The screenshot of the animation shows the queries on a day (by camera), which in Tableau can be played as a video.

q7_erpcameras

Q8. Vehicle counts using road segments

Similarly to Q7, we can get an idea of Singapore's traffic by calculating the count of vehicles per road segment.

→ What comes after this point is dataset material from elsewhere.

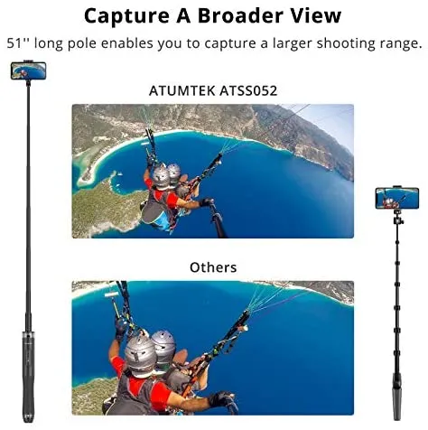 Weit jenseits ihrer bisherigen Vorstellungskraft ist dieses ATUMTEK Selfie Stick Dreibein wahrhaft immer zu der unglaublichen Länge von bis zu 51 Zoll erweitert worden! Sie haben das Recht, jedes wunderschöne Moment Ihres Lebens immer und überall, wo Sie sind, aufzunehmen.

WITH join_roadsegment_events AS (
  SELECT
         count(1) AS tv,
         vehicles.erp_vehicle_id AS id,
         hour(vehicles.timestamp) AS hour,
         roadsegments.linkid AS singapore_road_segment_link_id ,
         arbitrary(roadsegments.longitude) AS longitude,
         arbitrary(roadsegments.latitude) AS latitude
   FROM  geospock.default.sg_pm25 AS vehicles
   JOIN  geospock.default.sg_road_segments AS roadsegments
     ON  ST_Distance(
            ST_Point(roadsegments.longitude, roadsegments.latitude),
            ST_Point(vehicles.longitude, vehicles.latitude)
         ) < 0.0001
   WHERE (vehicles.timestamp BETWEEN TIMESTAMP '2019-01-04 00:00:00' AND TIMESTAMP '2019-01-04 23:59:59') AND (roadsegments.roadcategory = 'A' )
GROUP BY 2,3,4
)
 SELECT  sum(tv) AS total,
         hour,
         singapore_road_segment_link_id,
         arbitrary(longitude) AS longitude,
         arbitrary(latitude) AS latitude
    FROM join_roadsegment_events
GROUP BY 2,3

The results can then be visualized in Tableau as an animation:

q8_roadsegments

We have explored a few example queries you can run using Tableau and the datasets available through Discovery. This is by no means an exhaustive list of the types of analysis you can do – please continue your Discovery journey by trying out new queries, using our examples for inspiration.